Георгий Чулков - Годы странствий
Описывая страхи, подозрения и терзания Макковеева, писатель запечатлел свою боль, свое раздвоение, свою муку. Но, как и Макковеев, он сумел преодолеть себя, довести повесть до конца, не поддался желанию ее уничтожить. Поддержкой ему была вера в историческое христианство, которую он обрел в последние годы жизни: «Я исповедую, что… галилеянин… Иисус, две тысячи лет назад распятый по приказу римского чиновника Пилата…. был истинным Спасителем всего мира и воскрес… Я верю, что прекраснее, мудрее и свободнее не было на земле существа — не было и никогда не будет…».[33] И даже сознавая, что личная жизнь его «была слепая» и он продолжает влачить «бремя слепоты и греха», Чулков не терял бодрости и присутствия духа. В этом ему помогало стремление всегда быть «алчущим и жаждущим правды»[34] и уверенность, что «мы… живем не в античном мире, где… царствовал „древний хаос“, а в христианском, где есть надежда на милосердие Божие».[35]
Чулков верил в свое предназначение. Не без затаенной гордости он писал, что, даже не зная его наиболее «удачных и совершенных» стихов (к ним он относил стихотворения, изданные в 1922 г.), его дарование признавали, так сказать, «в кредит»,[36] такие поэты, как А. Блок, Ф. Сологуб, Вяч. Иванов.
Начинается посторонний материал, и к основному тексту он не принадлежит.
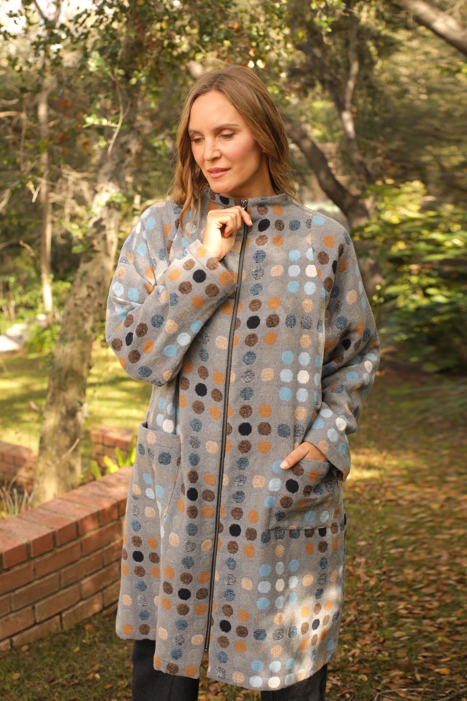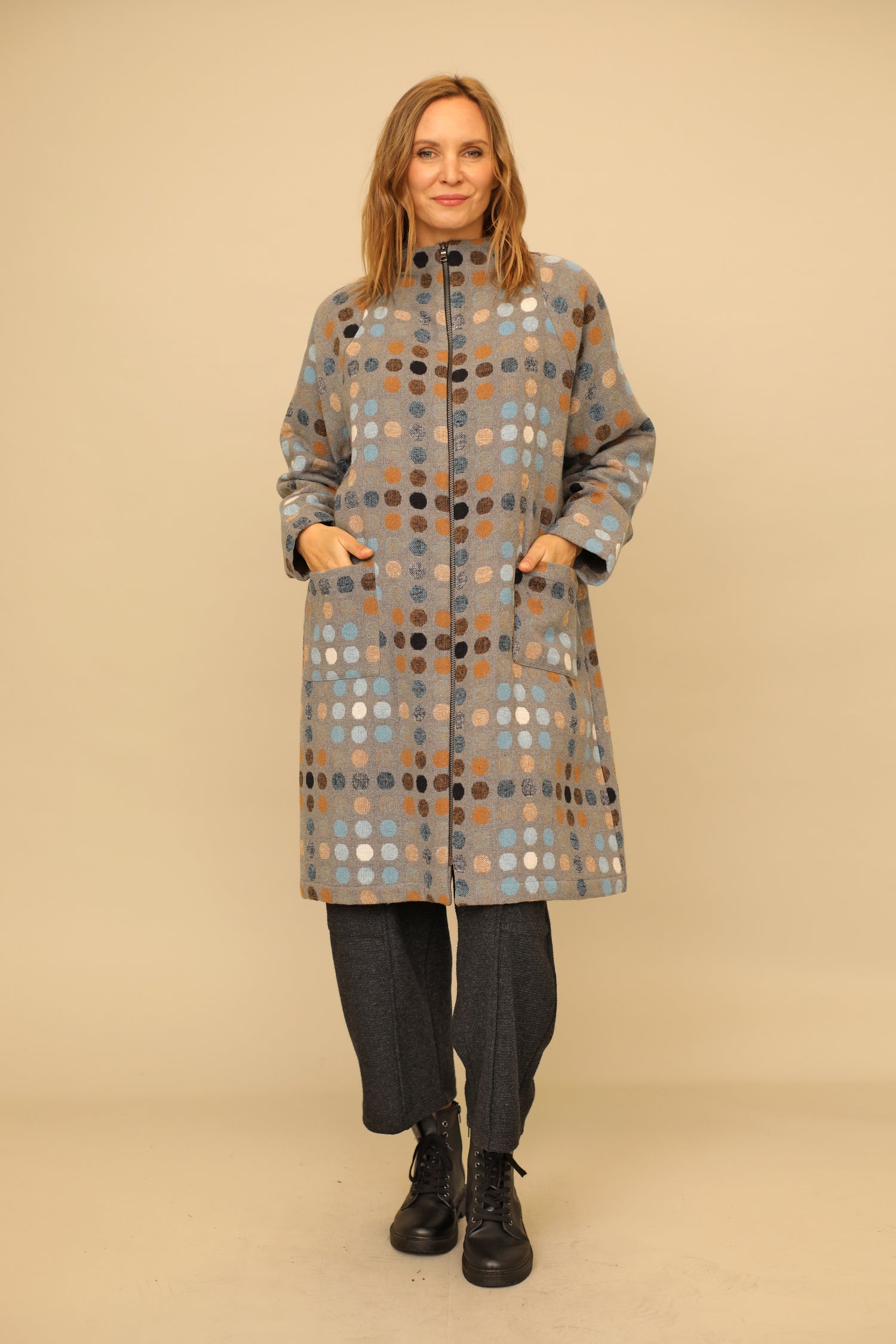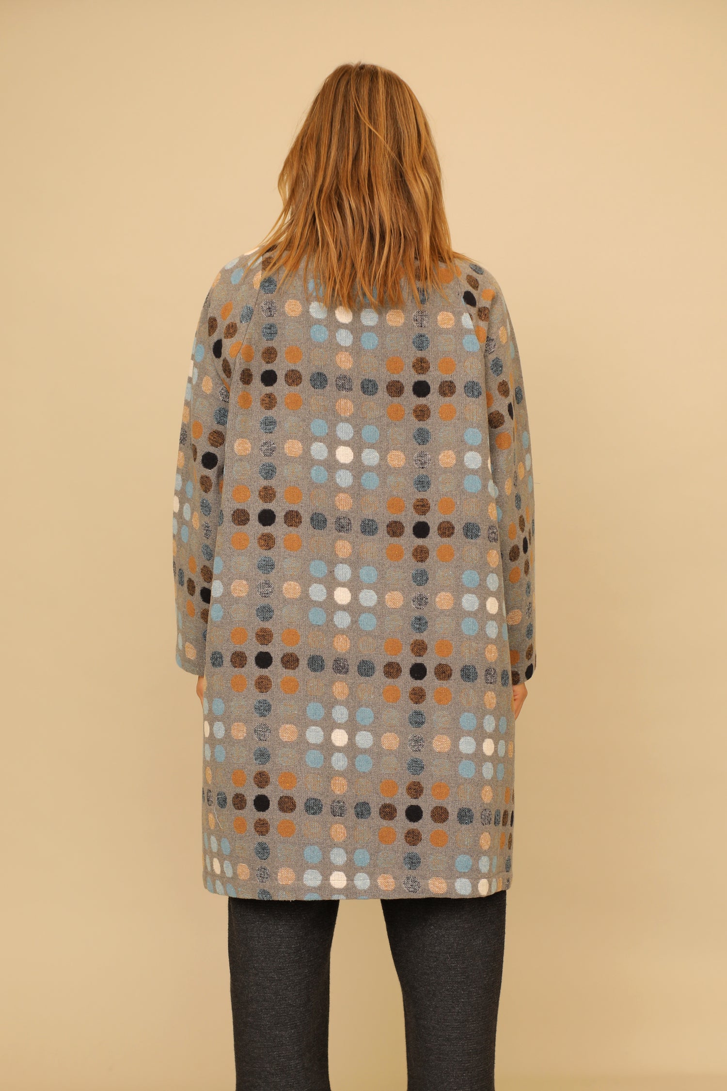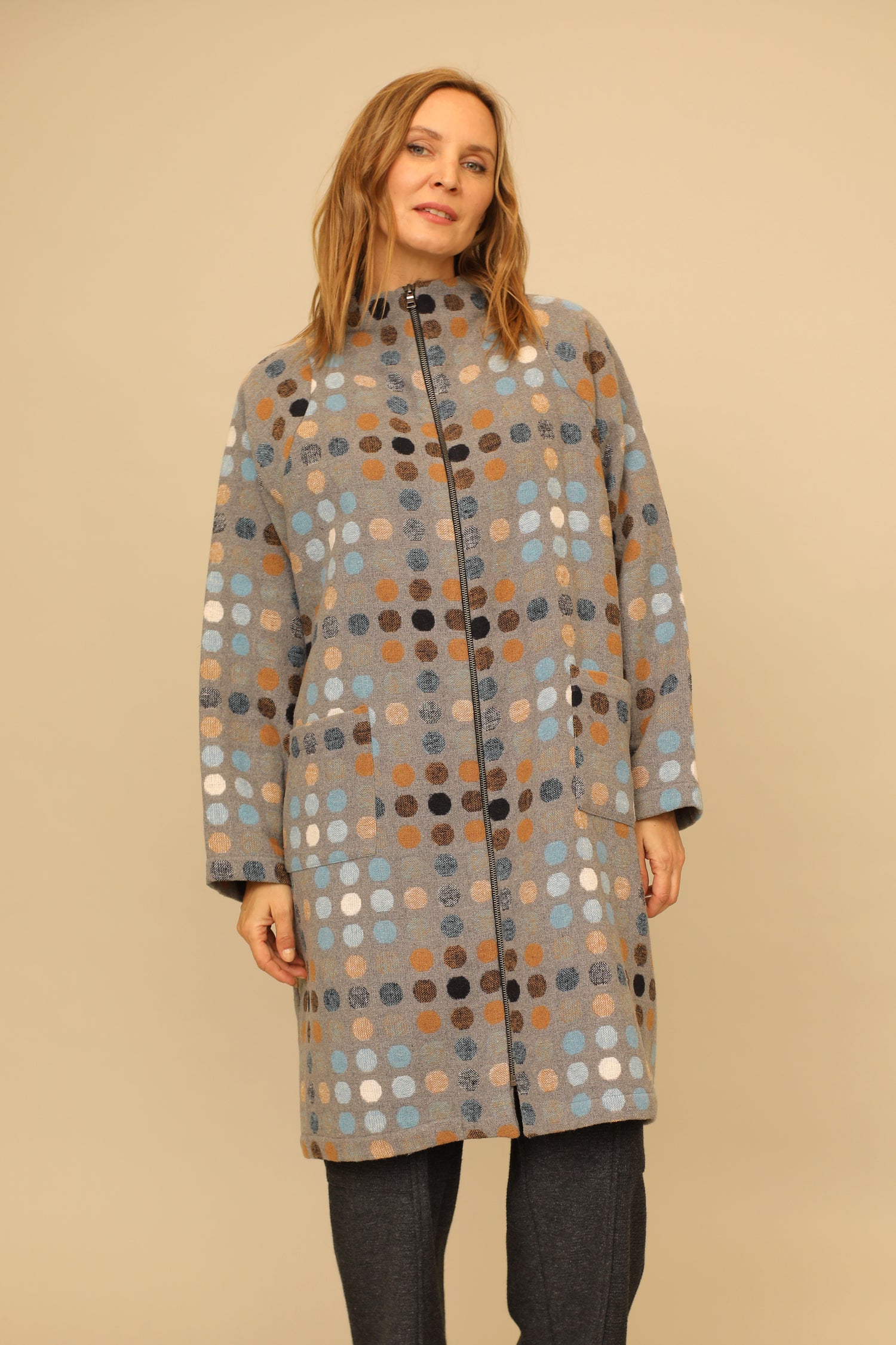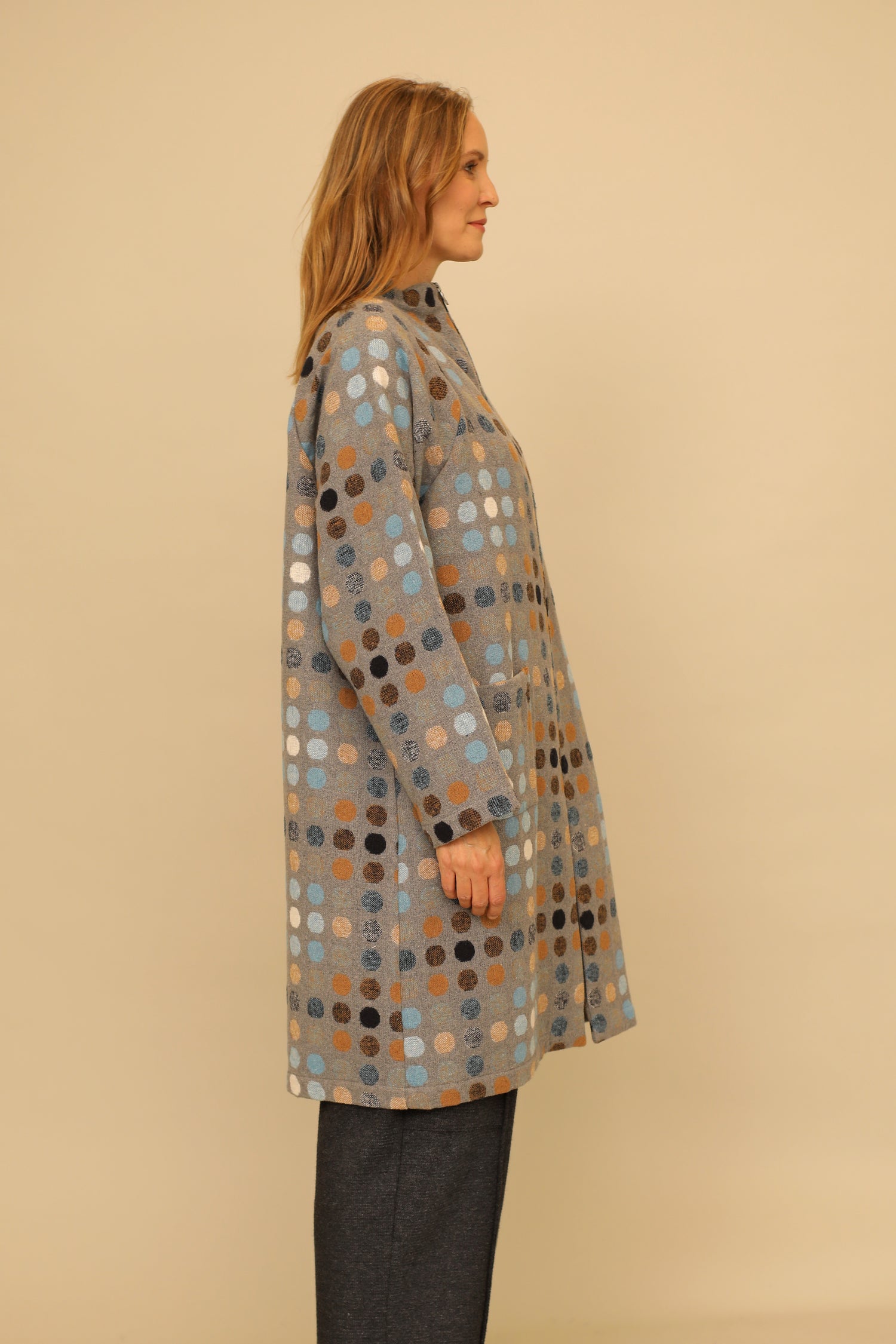 Transform instantly and effortlessly in our zip up long raglan Scarlett Jacket. Offering both warmth and a striking appeal with its sleek design of a straight hem in a boxy silhouette and front patch pockets, all curated in our multicolor dot woven fabric for a practical yet lush wardrobe essential.

Свое преклонение перед лирической стихией Чулков выразил в стихотворении «Поэзия»:
И странных слов безумный хоровод,И острых мыслей огненное жало,И сон, и страсть, и хмель, и сладкий мед,И лезвие кровавого кинжала,И дивных роз волшебное вино —Поэзия, причудница столетий —Все, все в тебе претворено!И мы всегда, доверчивые дети,Готовы славить муки и восторгТвоих мистерий и твоих видений…[37]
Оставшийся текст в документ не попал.